Always include a cover image
On some e-readers, the cover is the only or the most obvious way of distinguishing e-books (see this screenshot of Apple’s iBooks for an example). If you do not specify a cover image in your HTML, the ebookmaker conversion software at PG will generate a random patterned image including basic title and author information.
So, in order to make your book recognisable, you need to provide a cover image. The most obvious choice is the actual book cover—if you have an adequate scan of it, and it states at least the book’s title and author. Alternatively, the book’s title page might work, which should include any relevant information. A third option is a custom cover created specifically for your e-book; if you want to go that route, make sure to read our PP guide to cover pages.
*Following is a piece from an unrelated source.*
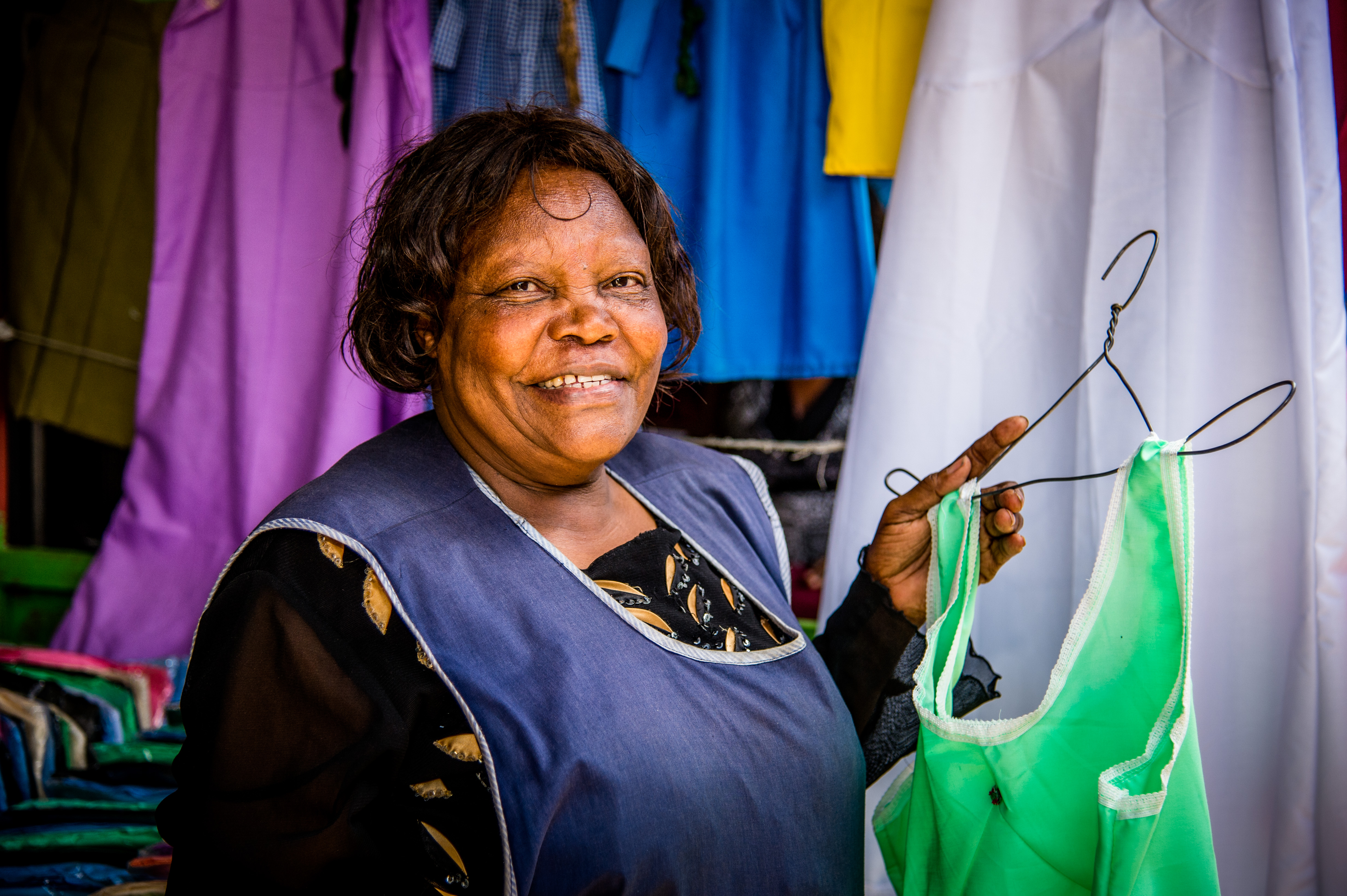 La Margaret Karicho (esquerra) és propietària de Maggie Fashions i clienta de Jitegemea Credit Scheme, que és finançada per Oikocredit. Ella ven vestits en un mercat de tèxtil a l'engròs a l'àrea d’Eastlands de Nairobi, Kenya.

If you declare a language, declare the correct language
(X)HTML includes the “lang” and “xml:lang” attributes (depending on the flavour you’re using) to declare the language of an element’s content. They can be used on the
<html> element to declare the document’s main language, and on other elements—e.g.,
<blockquote> for longer quotations in a foreign language, or
<i> for italicised foreign phrases—to change the language for a part of the text.
If you specify the language for any part of your document, make sure you specify the correct language. (Ancient Greek is not the same thing as Modern Greek, for example.) The ISO 639-2 Language Code List can help with determining the code for a language.
Consider if you need different CSS for different media types or mobile formats
If you want your document to be displayed differently depending on whether it is viewed on a computer screen, printed, or on a handheld device, you can use CSS @media declarations or special classes supported by ebookmaker.
The Introduction to @media for DP and PG Use explains how this is done, the Introduction to Mobile Formats tells you what will happen once your HTML file is converted to mobile formats, and the Case Study on Media Types and Mobile Formats gives some examples.
Keep your code line lengths reasonable
When writing the HTML code, keep your lines at a reasonable length. Long lines will make it a lot harder to read and understand your code (even for yourself). The two best options to keep lines at a reasonable length are to either keep the lines as they are wrapped in the book, or to keep them as you have wrapped them in the text version. Use whichever option better fits your workflow.
Indent more complex parts of your code to convey their structure
Nested HTML code can get very hard to read if its indentation does not match its structure. As a courtesy to the people who might look at your code later on (your PPVer, the WhiteWashers at PG, the PG Errata Team, possibly potential readers of the e-book), indent complex parts of your code to make them more readable.
The Case Study on Tables contains some examples of neatly-indented tables.